The visual response of single units was tested using vertical gratings drifting leftwards with a 1-Hz temporal frequency and centred on the receptive field at the recording site. Gratings were presented for 3 s and separated by a 2-s inter-stimulus interval. Unit response properties were investigated at all combinations of 4, 8, 32 and 100% contrasts, 0.01, 0.04, 0.16 and 0.64 cycle per degree spatial frequencies, and 10°, 20°, 40° and 80° diameters (64 combinations total).

Behavioural experiments

For behavioural training, mice were water rationed and maintained between 85% and 88% of their initial weight. Reward consisted of 3 µl water droplets. All visual stimuli were full-screen drifting gratings with a spatial frequency of 0.04 cycle per degree and temporal frequency of 2 Hz and were displayed for 1 s. Auditory stimuli consisted of 2-kHz pure tones. On trials in which mice responded by licking, the stimulus was displayed for an additional 2 s during reward consumption.

Visual detection task

Training was divided into five stages. (1) Mice were first trained to collect water freely from the waterspout. Reward was given at regular intervals. Mice were moved to the next stage when they made 100 responses in a 20-min session. (2) Mice were habituated to the trial structure and to associate reward to high-contrast (100%) visual stimuli. The waterspout was moved within reach, and after a 4-s delay, a pure tone (4 kHz at 200 ms) signalled the onset of a trial. Visual stimuli were displayed after a randomized interval (0.5–1.2 s) and a reward was delivered at stimulus onset. Mice could collect an additional reward if they licked during the visual stimulus. The spout was moved out of reach at the end of trial for an additional interval (1.5–3.5 s). Mice were moved to the next stage after two 30-min sessions. (3) Mice had to lick during visual stimulus presentation (100% contrast) to receive a reward. Mice were moved to the next stage when they responded correctly on more than 80% of trials within a 30-min session. (4) No-go trials were introduced. Stimuli were omitted after the tone on 30% of trials. If animals made a response when stimuli were not present on the screen, the waterspout was moved away, and mice incurred a 10-s timeout. Mice were moved to the next stage when their hit rate was more than 80% and their false alarm rate was less than 20%. Sessions lasted 45 min. (5) Contrast was varied to test psychophysical performance. Task structure was otherwise identical to stage 4.

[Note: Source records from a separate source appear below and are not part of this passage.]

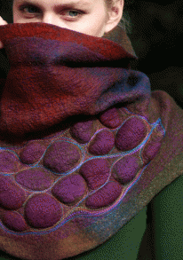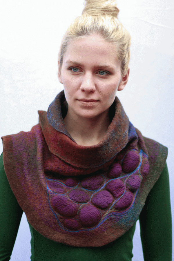 Join Katia for an exclusive workshop in Australia with Koala Conventions. Russian born and living in the USA, Katia is the designer and owner of Feuer und Wasser. In this project, you will create a large cowl/capelet/wrap OR seamless vest (depending on your choice or skill level). You will begin by creating a pattern for the garment, based on individual measurements. Next, you will work on the idea for the details in the design and colors, and will create sketches thereof. The final stage will be the nuno-felting of the garments, the use of decorative techniques, freeform embroidery, and the creation of smooth color transitions, as well as all finishing touches. Students will create exciting effects with the use of a sander during this workshop. Please choose your colour options when booking in.
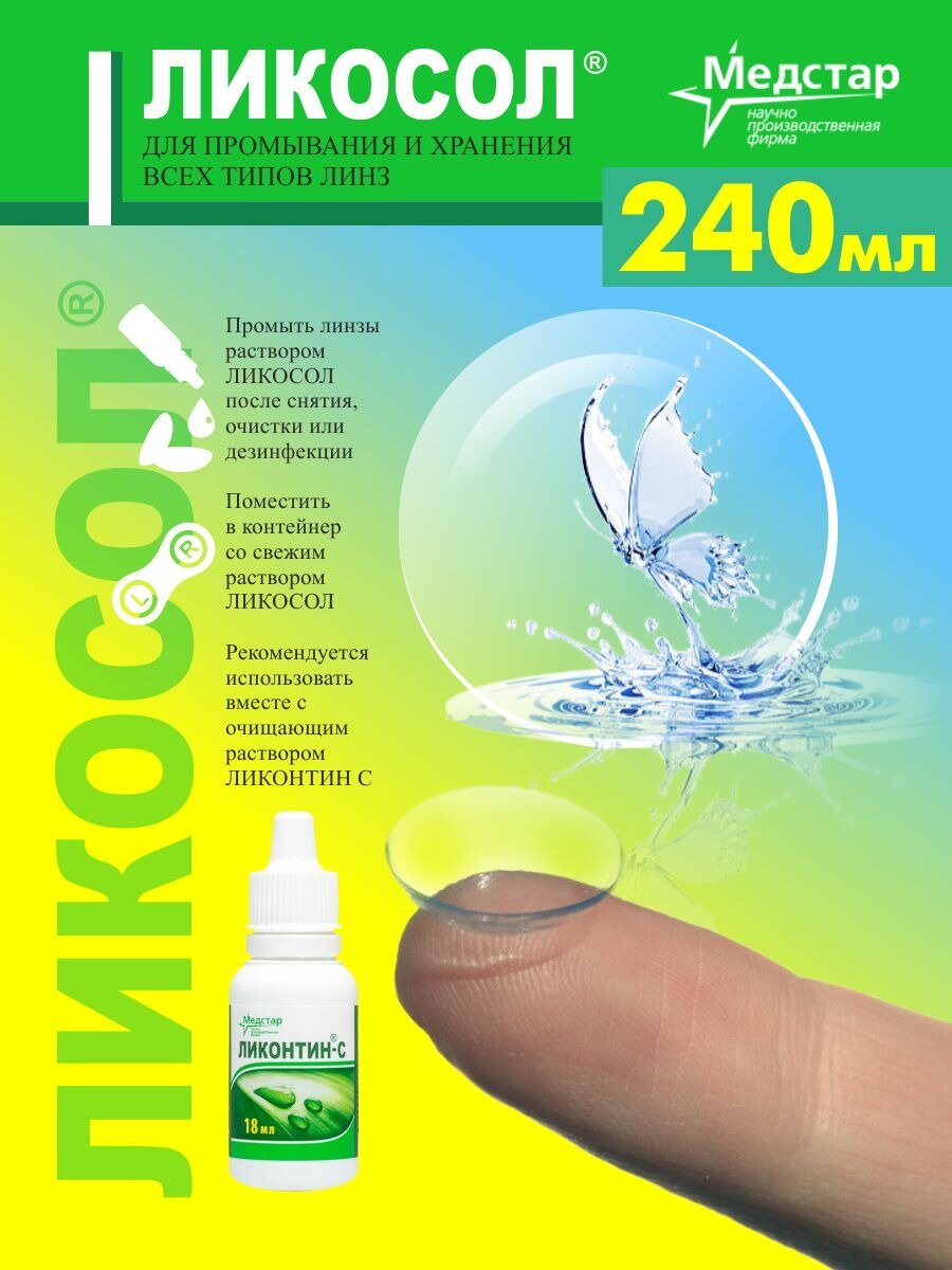 Раствор для контактных линз Ликосол, Медстар 240 мл набор 2 штуки информация:
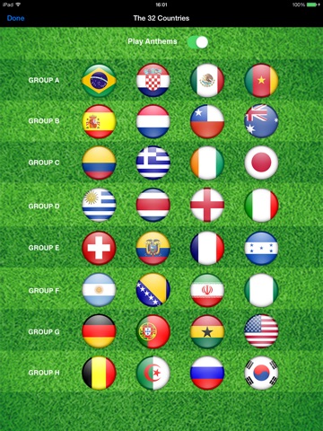 Dommage que les mises a jours des matchs et résultats ne sont pas faite en temps réel . Super les hymnes des équipes .
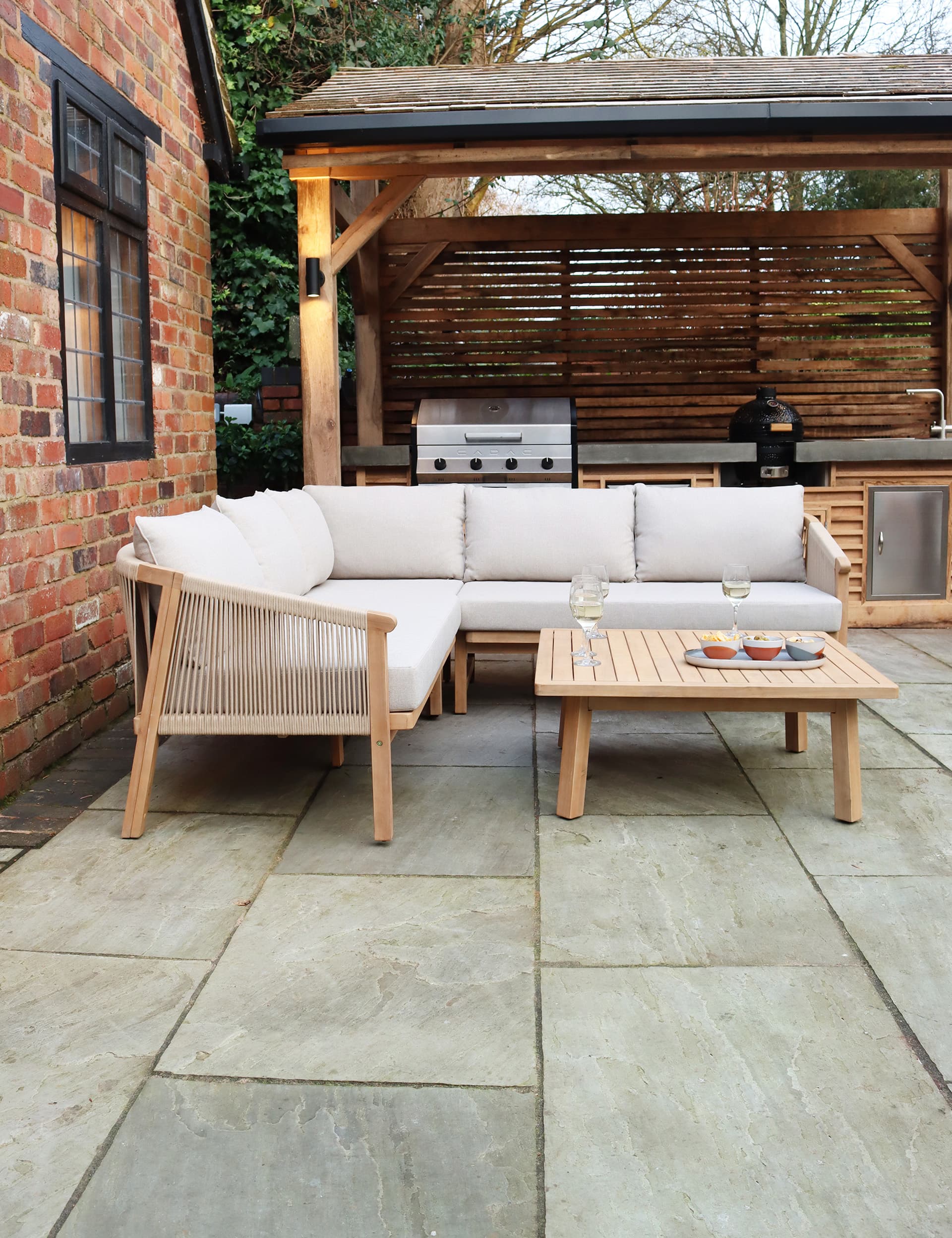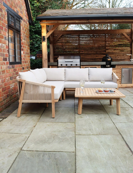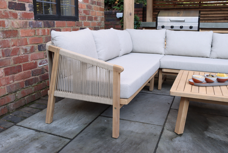The modern aesthetic of the FSC 1 ROMA L Corner Set features a neutral colour palette that seamlessly blends with any garden decor. Its clean lines and minimalist design add a touch of elegance, while the combination of smooth wood and soft fabric creates a visually appealing contrast. Installation is straightforward, and the easy-to-clean materials ensure that your furniture remains looking fresh and new, season after season. Enjoy the benefits of a versatile outdoor seating arrangement that adapts to your lifestyle and enhances your outdoor cooking and dining experiences.

Visual detection and optogenetics

Mice were trained on the visual detection task until stage 5. After 2–5 days on stage 5, optogenetic stimulation was delivered on 30% of trials through an insulated multimode optical fibre (200 µm in diameter, 0.53 NS, Thorlabs) coupled to a 473-nm solid-state laser (Opto Engine) or through a 470-nm photodiode (Thorlabs). Pulse timing was controlled through transistor-transistor logic (TTL) pulses or a shutter (Thorlabs). Stimulation started 300 ms before stimulus onset and was maintained until the end of the trial. To test the role of V1 in task performance on PV–Cre^+/0 mice, laser power was adjusted to produce an output of approximately 100 mW mm⁻² and 55-ms pulses were delivered at 10 Hz. To test the role of dLGN activation, 1-ms pulses were delivered at an intensity of 3 mW mm⁻² or 5 mW mm⁻² that were either regular (20 Hz), Poisson (λ = 24.3 Hz) or drawn from the inter-event interval distribution of gamma events detected by CBASS (Extended Data Fig. 2i; mean of 24.3 Hz). To test the role of dLGN inactivation on SST–Cre^+/0 mice, light was delivered continuously at an intensity of 50 mW mm⁻².

To investigate how the gamma event rate at response time depended on reward contingencies, we used training schedules consisting of combinations of the following paradigms: spontaneous, task 1 visual, task 2 auditory and forced reward.

Spontaneous paradigm

No stimuli were displayed. Mice were given rewards at Poisson-distributed time intervals (λ = 10 s) to ensure a flat hazard rate. Lick responses made at any time led to additional rewards with an 80% probability.

Task 1 visual paradigm

Rewards were given only when lick responses were made during visual stimuli. Stimuli appeared on the screen at Poisson-distributed time intervals (λ = 9 s).

Task 2 auditory paradigm

Rewards were given only when lick responses were made during auditory stimuli (2-kHz pure tone). The task structure was otherwise identical to task 1.

Forced reward paradigm

Rewards were passively given at the onset of visual stimuli. An additional reward was given upon reward collection. The task structure was otherwise identical to task 1.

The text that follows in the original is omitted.